Or by glm with the error distribution belonging to a named family

 # Step 1. Between-B ANOVA for A averaged across C and tested against B
 YM <- as.vector(tapply(Y,list(A, B), mean))
 AM <- factor(as.vector(tapply(as.numeric(A),list(A, B), mean)))
 anova(glm(YM ~ AM, family = gaussian(link = identity)), test = "F")
 # Step 2. Within-B ANOVA by model comparisons for sequentially added terms C, A:C, averaged across subjects and tested against A:B:C with (c-1)*(b-a)*a error d.f. 
 YM <- as.vector(tapply(Y,list(A, B, C), mean))
 AM <- factor(as.vector(tapply(as.numeric(A),list(A, B, C), mean)))
 BM <- factor(as.vector(tapply(as.numeric(B),list(A, B, C), mean)))
 CM <- factor(as.vector(tapply(as.numeric(C),list(A, B, C), mean)))
 between_B <- glm(YM ~ AM/BM, family = gaussian(link = identity))
 add_C <- glm(YM ~ AM/BM + CM, family = gaussian(link = identity))
 add_AC <- glm(YM ~ AM/BM + CM/AM, family = gaussian(link = identity))
 anova(between_B, add_C, add_AC, test = "F")
 # Step 3. Within-B ANOVA by model comparison for sequentially added term A:B:C (and calculation of F-value for A:B by hand from residual error) 
 within_B <- glm(Y ~ A/B + C/A, family = gaussian(link = identity))
 full_model <- glm(Y ~ A/B + C/A + A:B:C, family = gaussian(link = identity))
 anova(within_B, full_model, test = "F")

Commands for analysis with covariate C

 A <- as.factor(A) ; B <- as.factor(B) ; C <- as.numeric(C)
 model3_3v <- aov(Y ~ A*C + Error(A:B + A:B:C))        # test A*C
 summary(model3_3v)              
 anova(aov(Y ~ A/B + A*C), aov(Y ~ A/B*C), test = "F") # test C:A/B (and calculation of F-value for A:B by hand from residual error)

 

3.4 Nested cross-factored model Y = C'(B|A) + ε

The commands below use data file 'Model3_4.txt' on the web for an example analysis.

Prepare the data frame

 aovdata <- read.table("http://www.southampton.ac.uk/~cpd/anovas/datasets/R/Model3_4.txt", header = T)
 attach(aovdata)
 A <- factor(A) ; B <- factor(B) ; C <- factor(C)
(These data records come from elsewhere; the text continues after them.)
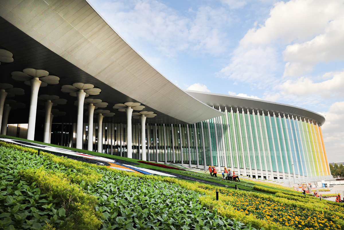 ↑10月14日,园林工人在国家会展中心(上海)南广场进博会鲜花装饰草坪上施工。新华社记者 方喆 摄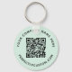 Light mint green, round keychains with your QR code and custom text. Change fonts and colors, move and resize elements with the design tool. NOTE! YOU NEED TO REPLACE THE QR CODE TEMPLATE WITH YOUR OWN QR CODE!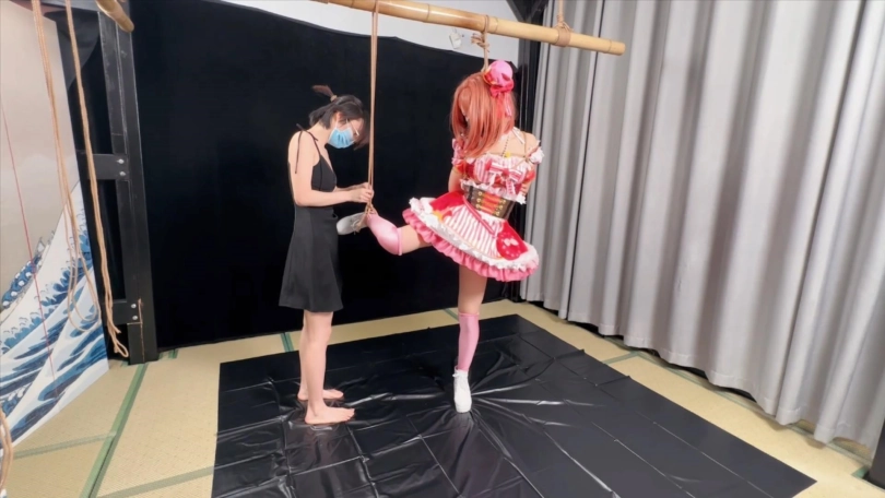 【象人】cos+女调女 小0&嗷嗷-cos上原步梦,女调女,单脚吊缚下的墙高憋尿!
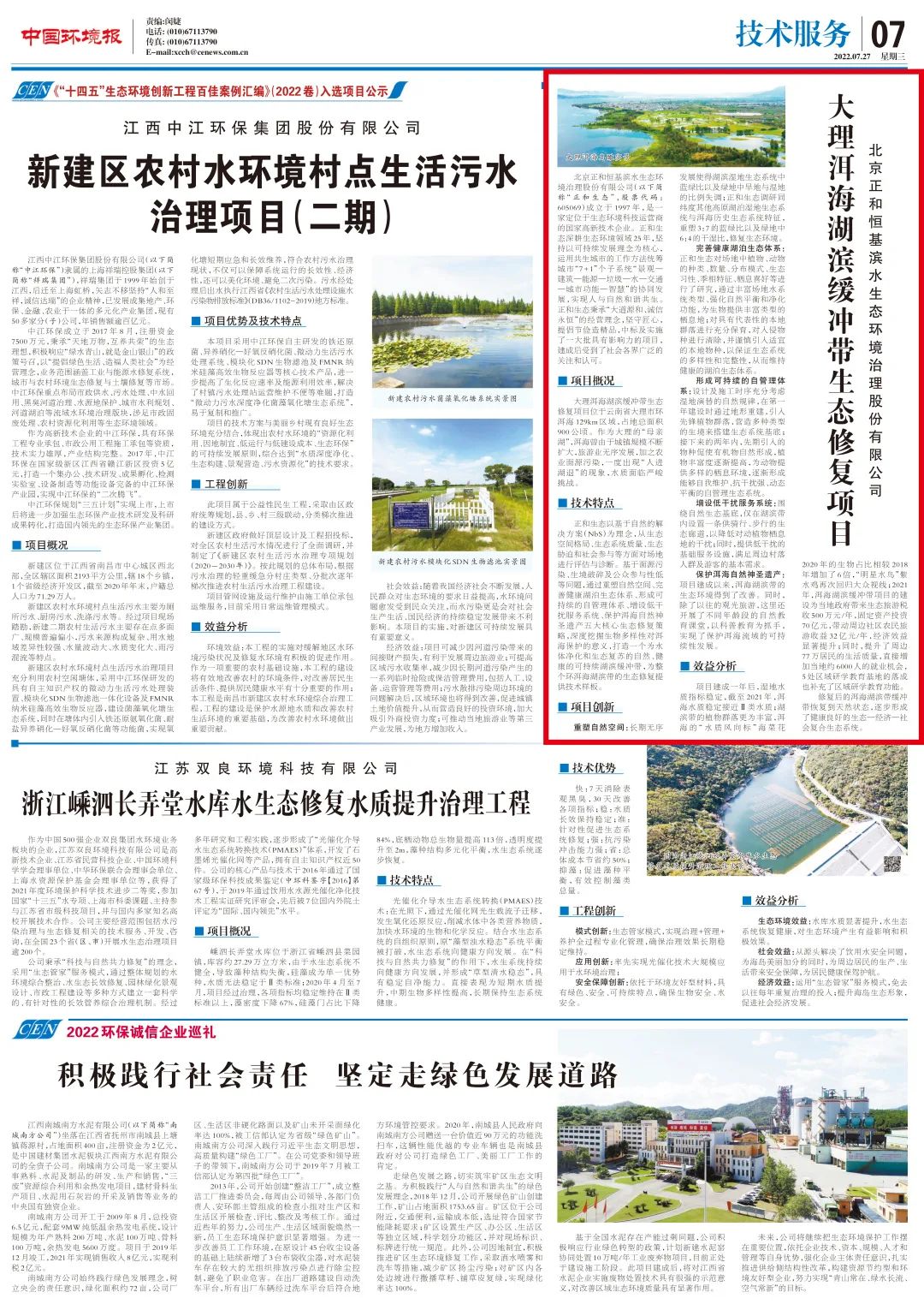 7月27日《中国环境报》对正和生态大理洱海湖滨缓冲带生态修复项目刊登公示

Commands for factorial analysis

 model3_4i <-aov(Y ~ A*B + Error(A:B:C))         # test A*B
 summary(model3_4i)
 anova(aov(Y ~ A*B), aov(Y ~ A*B*C), test = "F") # test C

Or by glm with the error distribution belonging to a named family

 # Step 1. Between-C ANOVA for A|B averaged across subjects and tested against C
 YM <- as.vector(tapply(Y,list(A, B, C), mean))
 AM <- factor(as.vector(tapply(as.numeric(A),list(A, B, C), mean)))
 BM <- factor(as.vector(tapply(as.numeric(B),list(A, B, C), mean)))
 anova(glm(YM ~ AM*BM, family = gaussian(link = identity)), test = "F")
 # Step 2. Between-subjects ANOVA for C
 within_C <- glm(Y ~ A*B, family = gaussian(link = identity))
 full_model <- glm(Y ~ A*B + A:B:C, family = gaussian(link = identity))
 anova(within_C, full_model, test = "F")

 

 


 

4 Randomized-block designs

4.1/6.1/7.1 One-factor randomized complete block model Y = S'|A

The fully replicated version of this design is analyzed by the random-factor version of model 3.1.
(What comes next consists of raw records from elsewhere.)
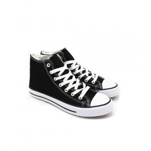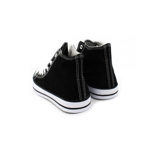 Este modelo junior de botines de lona estilo All Star es de color negro fabricada en textil y puntera de goma.Los botines de lona se convierten en un imprescindible tanto para niños como para adultos, ya que puedes encontrarlos en distintos colores. Es un calzado que no pasa de moda desde que se convirtieron en un icono pop en los 80´s, son cómodas y combina con todos los estilos.
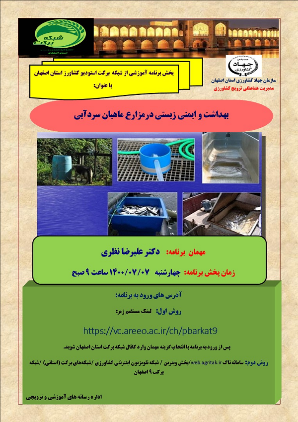 عنوان برنامه: بهداشت و ایمنی در ماهیان سرد آبی چهارشنبه 7 مهر ماه 1400 ساعت پخش 9 صبح از استودیو کشاورز استان اصفهان
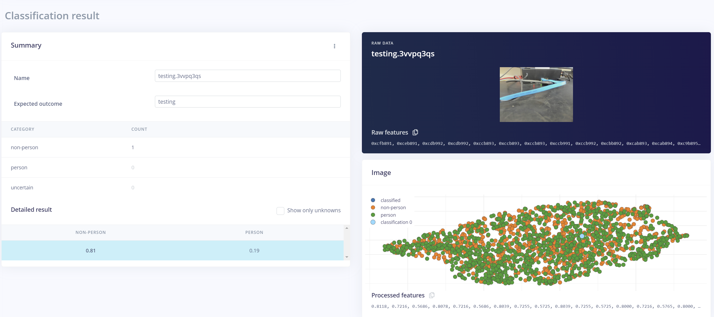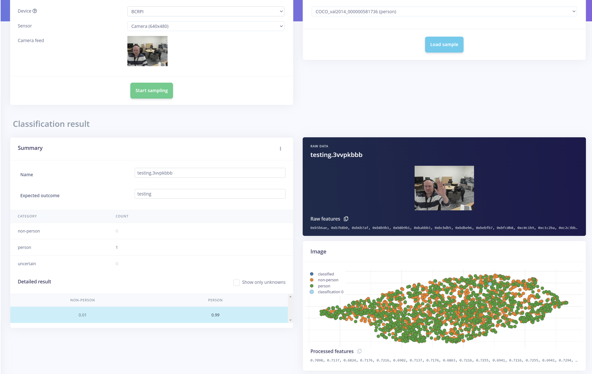 With the board connected we can run live classification where images are captured and processed on the board and results displayed in the edge impulse studio. This step enables us to use live data from the field and make any necessary adjustments to the configuration and training of the network.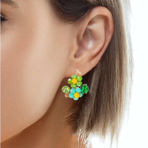 Handcrafted Floral Cluster Dangle Earrings with Green Roses & Multi Colored Beads Jewelry

The commands below use data file 'Model4_1.txt' on the web for an example analysis.

Prepare the data frame

 aovdata <- read.table("http://www.southampton.ac.uk/~cpd/anovas/datasets/R/Model4_1.txt", header = T)
 attach(aovdata)
 S <- factor(S) ; A <- factor(A)

Commands for factorial analysis

 model4_1i <- aov(Y ~ S + A)
 summary(model4_1i)              # Model-2 output for S

Or equally

 library(nlme)
 anova(lme(Y ~ A, random = ~ 1|S), test = "F")

Or by glm with the error distribution belonging to a named family

 anova(glm(Y ~ S + A, family = gaussian(link = identity)), test = "F")

 

4.1 model Y = S'|A with contrasts on A

The commands below use data file 'Model4_1contrasts.txt' on the web for an example analysis.

Prepare the data frame

 aovdata <- read.table("http://www.southampton.ac.uk/~cpd/anovas/datasets/R/Model4_1contrasts.txt", header = T)
 attach(aovdata)
 S <- factor(S) ; A <- factor(A) ; B <- factor(B) ; C <- factor(C)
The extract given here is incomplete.